Member of the Uttar Pradesh Legislative Assembly
- In office 2012–2017
- Preceded by: Surya Pratap Shahi
- Succeeded by: Surya Pratap Shahi
- Constituency: Pathardeva

Personal details
- Born: 15 December 1953 Karjahan, Deoria, Uttar Pradesh, India
- Died: 24 February 2020 (aged 66)
- Party: Samajwadi Party
- Spouse: Shammima Khatoon ​(m. 1978)​
- Children: 4
- Education: Banaras Hindu University (1973)
- Profession: Agriculture; fisheries;

= Shakir Ali (politician) =

Indian politician (1953–2020)

Shakir Ali (15 December 1953 – 24 February 2020) was an Indian politician and cabinet minister in the Uttar Pradesh government. He served as the MLA from Pathardeva in the Uttar Pradesh Legislative Assembly after being elected in the 2012 Uttar Pradesh Legislative Assembly election as a Samajwadi Party candidate.

==Personal life==
Ali was born on 15 December 1953 to Manzoor Ali in the village of Karjahan in Deoria district in Uttar Pradesh. After his initial schooling from Karjahan, he completed his high school from Ashok Inter College, Barpar and passed the intermediate examination from Harishchandra Inter College, Varanasi. He graduated from Banaras Hindu University in 1973. Ali married Shammima Khatoon on 18 November 1978. with whom he has three sons and a daughter. His professional ventures include agriculture and fishery.

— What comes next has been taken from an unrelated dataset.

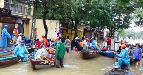 Rất đông bà con ở vùng thấp trũng nhất của khu phố cổ đã thuê ghe vượt đoạn sông Hoài để qua bên chợ Hội An mua sắm lương thực. Nhận thấy nước lũ dâng cao, một số du khách nước ngoài đang đăng kí lưu trú tại phố cổ Hội An đã chủ động rời khách sạn.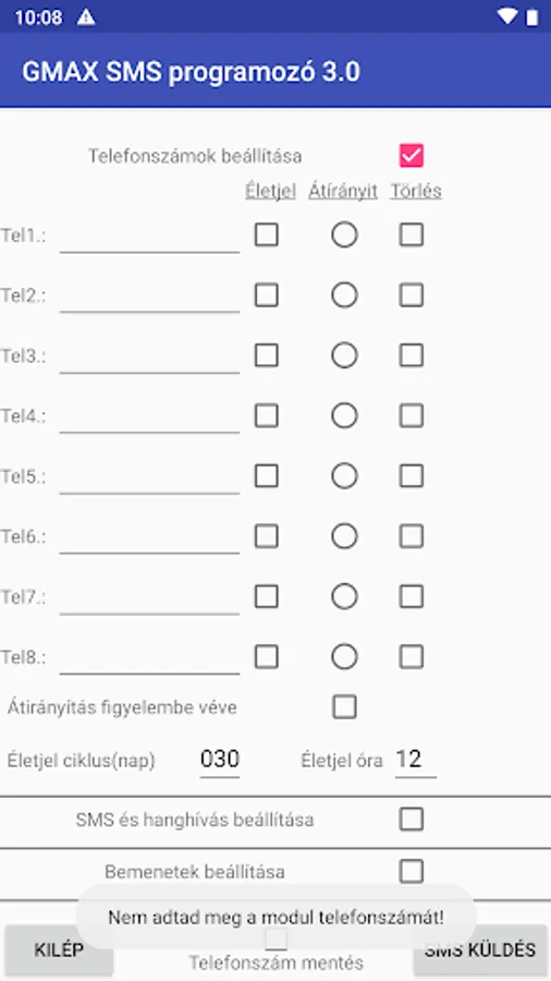 It compiles the SMS required to configure the GMAX module and sends it to the SMS application of the phone to make the module setup much easier. When setting, multiple SMS may be required because the SMS can be 160 characters long, in which case the messages must be sent one at a time. The SMS commands are the same as the commands in the description attached to the module.

Ali died on 24 February 2020 in Medanta Hospital in Lucknow where he was undergoing treatment for some time. He was 66.

==Political career==
Ali entered politics in 1989 and contested as a member of Bahujan Samaj Party (BSP) from Gauribazar assembly constituency, but was defeated. It followed another defeat in 1991. Third time in 1993, he won as a candidate of the BSP-SP alliance and became a Minister of Education in the Uttar Pradesh Government in the cabinet ministry of Mulayam Singh Yadav from 21 June 1994 to 28 October 1995. In 1996, he contested as a member of Samajwadi Party (SP) after leaving Bahujan Samaj Party in June 1995, but lost. In 2000 by-election, he was defeated again.

Ali won from the Gauribazar assembly constituency in the 2002 election and was a member of the Committee of Government Assurances from 2002 to 2003. He became the cabinet minister of the Minor Irrigation and Muslim Waqf Board from 2003 to 2007. He faced defeat in the 2007 election. Ali was also a member of the Committee on Public Account from 2012 to 2013.

In 2012, contesting from Pathardeva constituency, he defeated the then incumbent Surya Pratap Shahi of Bharatiya Janata Party, but lost back to Shahi in the 2017 Legislative Assembly election.